Compensatory equalization: When only the experimental group receives a treatment, an
inequality exists that may threaten the validity of the study. The benefits (i.e., the goods or
services believed to be desirable) of the experimental treatment need to be equally distributed
among the groups in the study. To counter this problem, researchers use comparison groups (e.g.,
one group receives the health hazards lecture, whereas the other receives a handout about the
problems of teen smoking) so that all groups receive some benefits during an experiment.
Compensatory rivalry: If you publicly announce assignments to the control and experimental
groups, compensatory rivalry may develop between the groups because the control group feels
that it is the “underdog.” Researchers can try to avoid this threat by attempting to reduce the
awareness and expectations of the presumed benefits of the experimental treatment.
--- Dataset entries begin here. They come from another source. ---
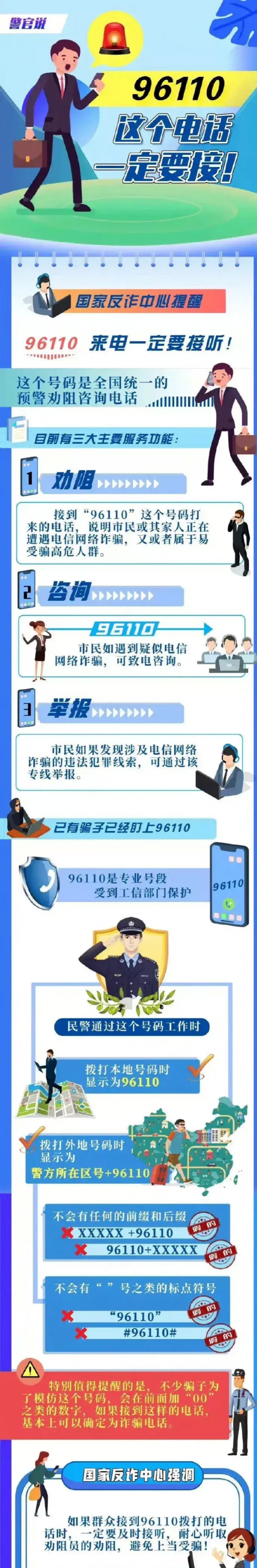 为何这一号码如此关键?随着科技的发展,电信网络诈骗手法日新月异,往往令人防不胜防。不法分子利用各种手段获取个人信息,再通过伪装成公检法、银行、客服等身份进行诈骗,手段之狡猾令人咋舌。而一旦受害人上当,不仅面临经济损失,更可能因个人信息被盗用而陷入无尽的麻烦。96110正是这样一个"警报器",它能在关键时刻提醒群众保持警惕,避免落入陷阱。
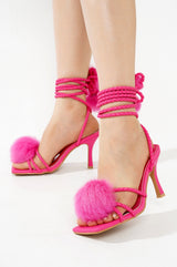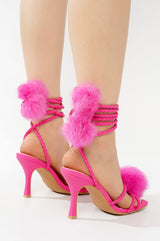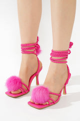 The Marje Pom-Pom Lace-Up Heels are a playful and vibrant addition to any shoe collection. Featuring fluffy pom-pom accents on the toe and wrap-around lace-up straps, these bold heels add a stylish, fun twist to any outfit. Whether you're heading to a party or spicing up a casual day out, these heels offer both fashion and comfort. Available in a range of eye-catching colors, including black, hot pink, blue, and brown, they seamlessly elevate your wardrobe with their unique charm.
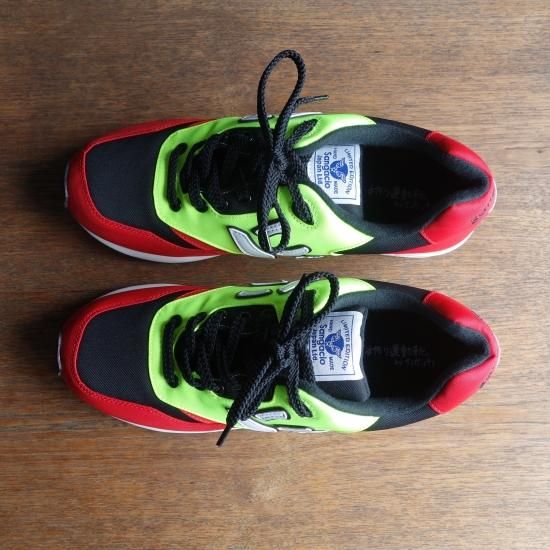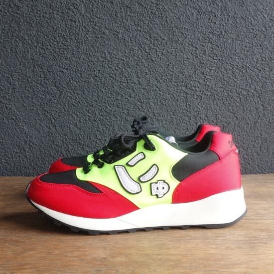 両サイドにしっかりと縫い合わされた”にゅ”がトレードマーク。とってもユニークなスニーカーですが、ホールド性・クッション性に富んだ斬新なスニーカーでしかっりと作り込まれています。アッパー生地のカラーリングは”にゅ”の部分が蛍光イエロー、つま先とかかとがレッド、その他がブラックで埋め尽くされ、ソールはホワイト&ブラックとなっています。履くと案外コーディネートし易く履き心地にも優れた話題性あるスニーカーを存分にお楽しみください。

3. Resentful demoralization: When a control group is used, individuals in this group may become
resentful and demoralized because they perceive that they receive a less desirable treatment than
other groups. One remedy to this threat is for experimental researchers to provide a treatment to
this group after the experiment has concluded (e.g., after the experiment, all classes receive the
lecture on the health hazards of smoking).
Threats to external validity
Threats to external validity are problems that threaten our ability to draw correct inferences
from the sample data to other persons, settings, treatment variables, and measures.
Interaction of selection and treatment: This threat to external validity involves the inability to
generalize beyond the groups in the experiment, such as other racial, social, geographical, age,
gender, or personality groups.
Interaction of setting and treatment: This threat to external validity arises from the inability to
generalize from the setting where the experiment occurred to another setting. For example, you
cannot generalize treatment effect you obtain from studying entire school districts to specific
high schools. The practical solution to an interaction of setting and treatment is for the researcher
to analyze the effect of a treatment for each type of setting.
Interaction of history and treatment: This threat to external validity develops when the
researcher tries to generalize findings to past and future situations. Experiments may take place
at a special time (e.g., at the beginning of the school year) and may not produce similar results if
conducted earlier (e.g., students attending school in the summer may be different from students
attending school during the regular year) or later (e.g., during semester break). One solution is to
replicate the study at a later time rather than trying to generalize results to other times.